Sounds like you have too much fuel pressure. How confident are you of the accuracy of your gauge? Are you monitoring fuel pressure through startup and shutdown?

I added a Racetronix 5/16" QD to 1/8" adapter to the side of my oem fuel rail so I'd retain my 97 shraeder valve and have an on rail gauge.

I'd also suspect the quality of that aftermarket fuel rail...might want to check the inner diameter of the injector hole.
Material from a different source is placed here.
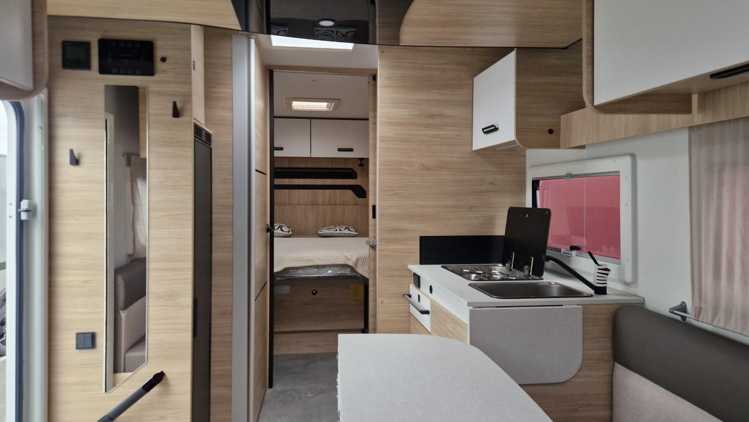 e Chausson 798 ultimate Line 2026 est un camping-car profilé haut de gamme conçu pour célébrer les 45 ans de la marque. Long d’environ 7,4 m, il offre un espace intérieur moderne et convivial avec un grand salon face-face « Smartlounge », une cuisine équipée, une salle d’eau avec douche séparée et un confortable lit central réglable en hauteur. Il dispose également d’un lit de pavillon électrique et d’un vaste garage arrière. Basé sur le châssis Fiat Ducato 2.2 L 140 ch , il combine confort de conduite, design élégant et nombreux équipements de série : jantes alliage, panneau solaire, caméra de recul, multimédia connecté et finitions soignées. Idéal pour voyager à deux ou en famille avec style et autonomie.

For what it's worth I rebuilt my pump assembly with a Bosch pump from Amazon via Brazil and it lasted two weeks.

I hear most of the Delphi issues are bad connectors and wiring.

I put a Rock Auto sourced Brute Power fuel pump assembly on my 97 almost 3 years ago. It's been on road trips to Canada, down to Moab and on the Rubicon Trail twice (all places I didn't do kind things to it... smashing the bottom of the fuel tank skid.)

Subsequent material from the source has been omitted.